Vocalist and bass player Alan Barry had departed after their eponymous debut album in order to pursue a solo career (he would show up again in 1977, as part of EMI-signed soft rockers King Harry), and former Supertramp man Frank Farrell (who’d played on the Indelibly Stamped album) was drafted in in his stead. Then, as the new line-up were three-quarters of the way through recording a follow-up, an American management team were deployed to CBS Records in London. The British incumbents were promptly shown the door, and Fields were unceremoniously dropped, the tapes shelved and left to gather dust for more than four decades.
Contrasts: Urban Roar To Country Peace is ostensibly a concept album charting keyboard player Graham Field’s relocation from Battersea to the Buckinghamshire village of Iver (the album starts with police sirens, proceeds via chugging steam train, and by album closer Storm the birds are twittering). It’s not the grandest of concepts, perhaps, but it suits the pastoral, occasionally folksy feel of the album.

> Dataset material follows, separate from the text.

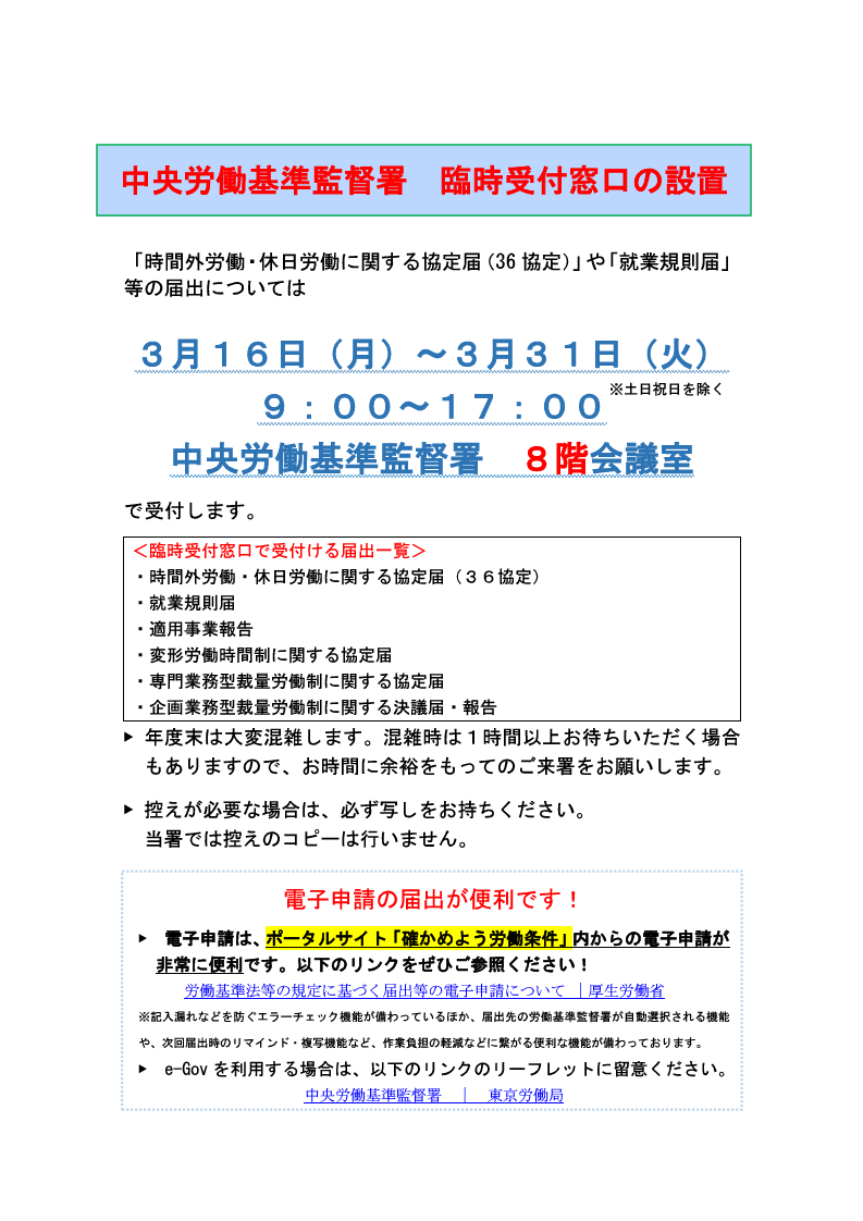 新型コロナウイルス感染症の拡大防止のため、36協定・就業規則を届出していただく場合、郵送や「e-Gov」による電子申請での届出をお願いします。

Opener Let Her Sleep features plenty of classically-inspired Keith Emersonisms, Andy McCulloch’s scattergun drumming is inspired throughout, but it’s actually the less proggy moments that impress most. Someone To Trust is mournful, beautifully composed blues that hits the middle ground between All Things Must Pass-era George Harrison and John Lennon at his most fraught, and is absolutely gorgeous. And The Old Canal, a wistful piano ballad backed by wandering violin, is similarly lovely.
On the downside, Farrell’s vocals on Wedding Bells are stretched beyond what’s naturally comfortable for him, and the three newly-discovered demo tracks tacked onto the end of the release don’t really add much. But these are minor quibbles: Contrasts is clearly an album that deserved to be released first time round.